Interpretation. The headings in this Agreement are for convenience only and shall not define or limit the provisions hereof. This Agreement shall be construed according to its ordinary meaning and shall not be strictly construed for or
against any party hereto. 
  
 14. Governing Law. This Agreement shall be
governed by the laws of the State of Oklahoma. The parties agree that proper venue and jurisdiction shall reside in state or federal district court in Oklahoma County, Oklahoma. 
  
 15. Binding Effect and Waiver. All of the terms, covenants and conditions herein contained shall inure to the benefit of and be
binding upon the parties hereto and their successors and assigns. Any modification or waiver of any term of this agreement, including a modification or a waiver of this term, must be in writing signed by the party or parties against which
enforcement of the modification or waiver is sought. 
  
 16. Entire
Agreement. This agreement constitutes the entire agreement among the parties pertaining to the subject matter hereof and all prior and contemporaneous agreements, representations and understandings, written or oral, are hereby superceded and
merged into this Agreement. The parties hereto agree to execute such additional documents and to perform such additional acts as may be reasonably necessary to carry out the purpose and intent of this Agreement. 
  
 17. Claims of Action. If any party shall bring suit to enforce the terms and
provisions hereof, the prevailing party shall be entitled to recover from the other party all costs, expenses and reasonable attorneys’ fees incurred in connection with the exercise by the prevailing party of its rights and remedies hereunder.
For purposes of this paragraph, the term “prevailing party” shall mean, in the case of the 

 claimant, one who is successful in obtaining substantially all the relief sought, and in the case of the defendant or
respondent, one who is successful in denying substantially all of the relief sought by the claimant.

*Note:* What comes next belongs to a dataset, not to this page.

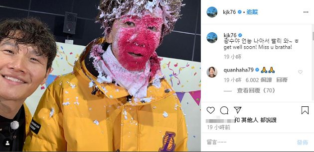 過去總在節目中,金鍾國總是以「老虎」的姿態,一出場就會把「蟋蟀」劉在錫和「長頸鹿」李光洙,嚇得退後半步,不過看似凶猛的他,其實是「鐵漢柔情」,心思相當溫暖。19日下午時,金鍾國在IG上PO出了一張2人在節目中的照片,並向對方喊話,希望光洙可以快點好起來,在回到節目中,並透露自己非常想念對方。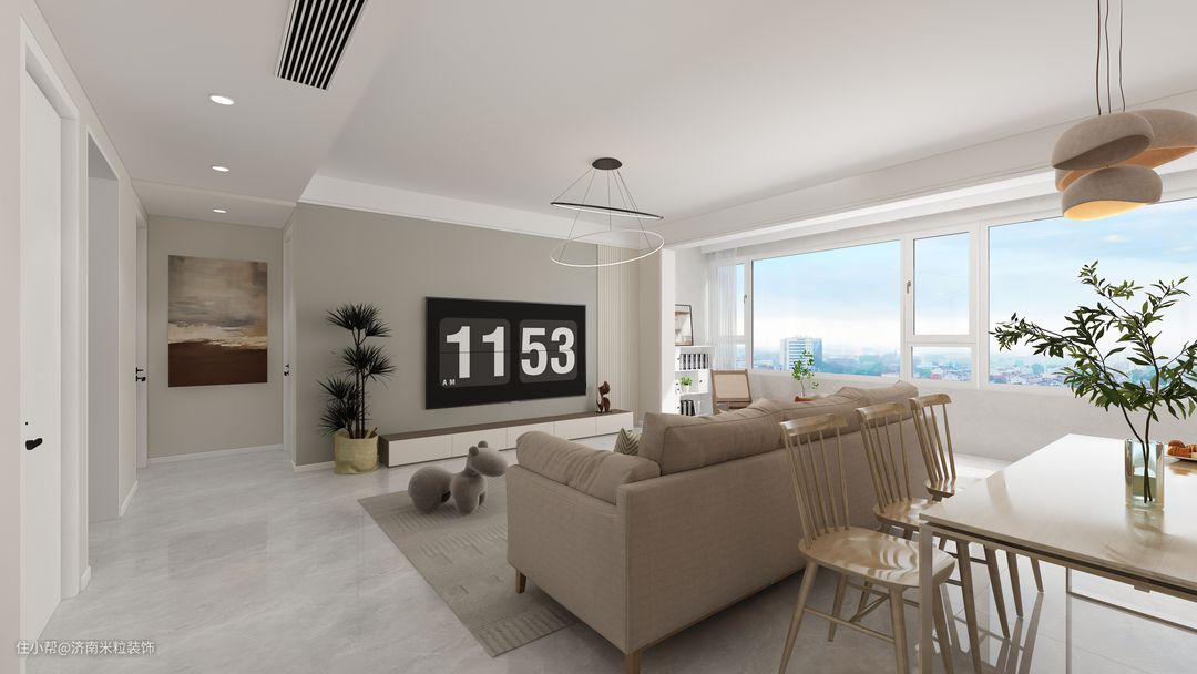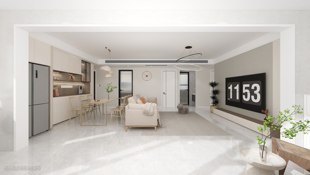 户型是横厅设计,没有障碍紧密相连的客餐厅,让家的氛围感更浓郁了一些,也完成了边看电视边吃饭的梦想。直排沙发和长桌的组合最佳,视觉观赏性也更强。

Any award of attorneys’ fees shall be set by the court and not by a jury. 
  
 18. Severability. Should any term, provision, covenant or condition of this Agreement be void, invalid or inoperative, the same shall
not affect any other term, provision, covenant or condition of this Agreement but the remainder thereof shall be given effect as though such void, invalid or inoperative term, provision, covenant or condition had not been contained herein. This
Agreement may be executed in counterpart and each such counterpart, when taken together with all other counterparts, shall be deemed one and the same original document. 
  
 IN WITNESS WHEREOF, the parties hereto have caused this agreement to be duly executed as of the day and year first above written.

  

							
	SELLER:	 	PURCHASER:
	Liberty National Life Insurance Company	 	MidFirst Bank
				
	By:	 	 /s/ Larry M. Hutchison

	 	By:	 	 /s/ Jeff Records

	Title:	 	Executive Vice President and	 	Title:	 	President
	 	 	General Counsel	 	 	 	 

 Exhibit A 
  
 Lots 1 through 3, Block 327, Seattle Tide Lands; 
  
 Situate in the City of Seattle, County of King, State of Washington 

 Exhibit B 
  
 Loan Participation Agreement dated July 7, 2000; Borrower: MSI 83 King, L.L.C.